↓↓↓
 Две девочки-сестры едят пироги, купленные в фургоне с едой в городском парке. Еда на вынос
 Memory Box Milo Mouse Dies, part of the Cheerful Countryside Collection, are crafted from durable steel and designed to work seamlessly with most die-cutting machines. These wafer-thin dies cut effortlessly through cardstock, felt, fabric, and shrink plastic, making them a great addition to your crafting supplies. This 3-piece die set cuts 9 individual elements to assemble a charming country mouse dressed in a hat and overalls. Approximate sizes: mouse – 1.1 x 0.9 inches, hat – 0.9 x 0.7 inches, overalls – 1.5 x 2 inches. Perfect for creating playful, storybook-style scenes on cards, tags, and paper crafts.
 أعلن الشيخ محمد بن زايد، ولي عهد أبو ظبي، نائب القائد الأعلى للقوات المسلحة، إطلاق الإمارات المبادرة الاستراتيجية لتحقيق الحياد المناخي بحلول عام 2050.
↑↑↑
↓↓↓
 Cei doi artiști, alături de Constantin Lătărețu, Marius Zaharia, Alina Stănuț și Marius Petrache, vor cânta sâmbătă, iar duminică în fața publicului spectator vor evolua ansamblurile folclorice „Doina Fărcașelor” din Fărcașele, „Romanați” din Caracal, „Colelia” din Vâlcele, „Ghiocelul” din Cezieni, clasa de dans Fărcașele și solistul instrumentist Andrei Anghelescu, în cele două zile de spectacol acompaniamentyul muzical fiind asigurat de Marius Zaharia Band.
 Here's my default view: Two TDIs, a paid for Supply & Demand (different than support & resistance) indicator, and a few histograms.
↑↑↑
↓↓↓
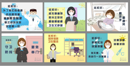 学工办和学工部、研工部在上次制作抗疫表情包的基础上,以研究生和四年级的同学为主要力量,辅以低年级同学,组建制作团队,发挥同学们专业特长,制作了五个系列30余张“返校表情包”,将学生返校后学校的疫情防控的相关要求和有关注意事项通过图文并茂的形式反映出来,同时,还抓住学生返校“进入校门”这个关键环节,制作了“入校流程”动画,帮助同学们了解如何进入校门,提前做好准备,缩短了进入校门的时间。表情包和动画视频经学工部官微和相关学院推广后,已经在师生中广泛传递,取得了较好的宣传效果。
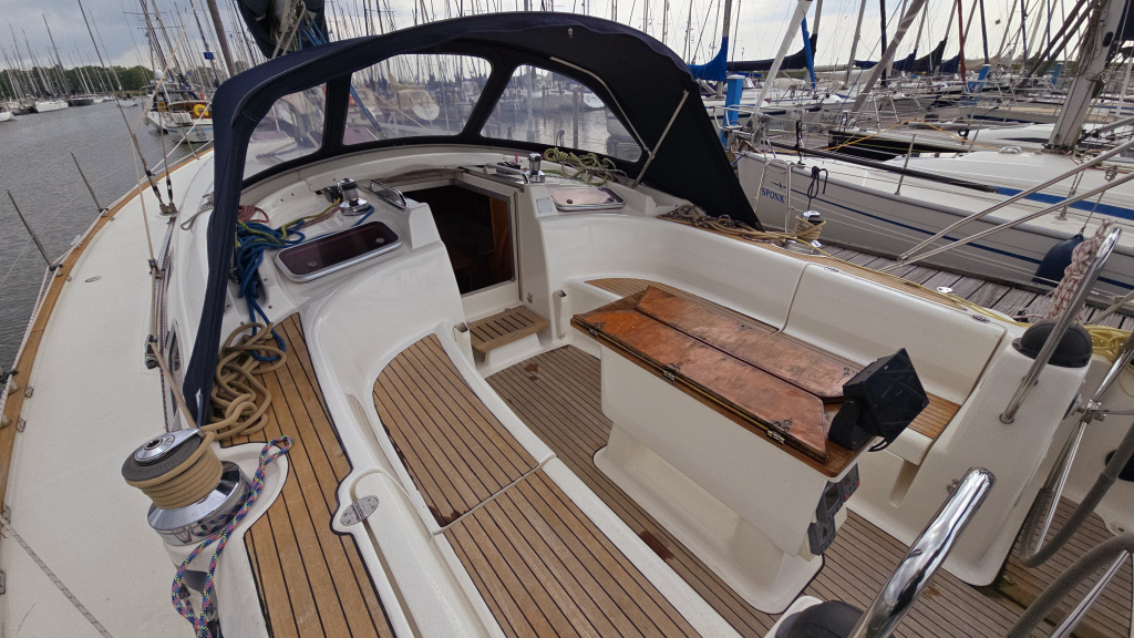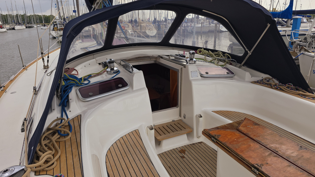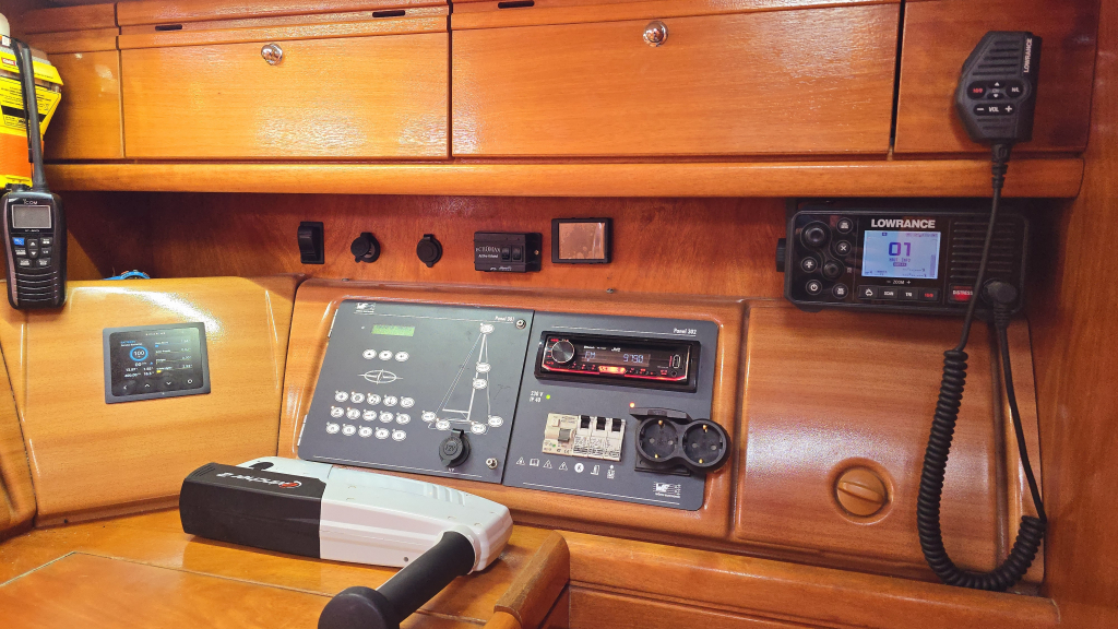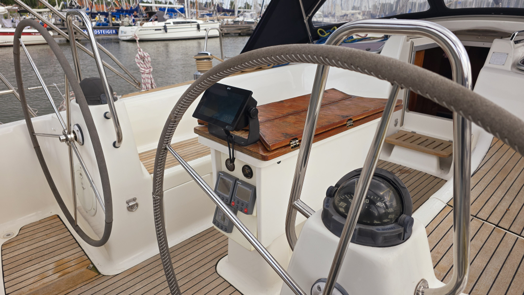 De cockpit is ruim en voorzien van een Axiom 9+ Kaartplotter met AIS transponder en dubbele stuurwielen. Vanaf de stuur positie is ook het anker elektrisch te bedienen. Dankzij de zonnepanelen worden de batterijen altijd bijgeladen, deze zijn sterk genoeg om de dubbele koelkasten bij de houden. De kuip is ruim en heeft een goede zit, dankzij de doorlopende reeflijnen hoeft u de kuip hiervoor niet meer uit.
↑↑↑
### TASK DESCRIPTION
When the line with "Cei doi artiști, alături" is reached in the data above, begin copying, and stop after the line with "Here's my default"; copy each line exactly, both ends included.

### OUTPUT OF THE TASK
 Cei doi artiști, alături de Constantin Lătărețu, Marius Zaharia, Alina Stănuț și Marius Petrache, vor cânta sâmbătă, iar duminică în fața publicului spectator vor evolua ansamblurile folclorice „Doina Fărcașelor” din Fărcașele, „Romanați” din Caracal, „Colelia” din Vâlcele, „Ghiocelul” din Cezieni, clasa de dans Fărcașele și solistul instrumentist Andrei Anghelescu, în cele două zile de spectacol acompaniamentyul muzical fiind asigurat de Marius Zaharia Band.
 Here's my default view: Two TDIs, a paid for Supply & Demand (different than support & resistance) indicator, and a few histograms.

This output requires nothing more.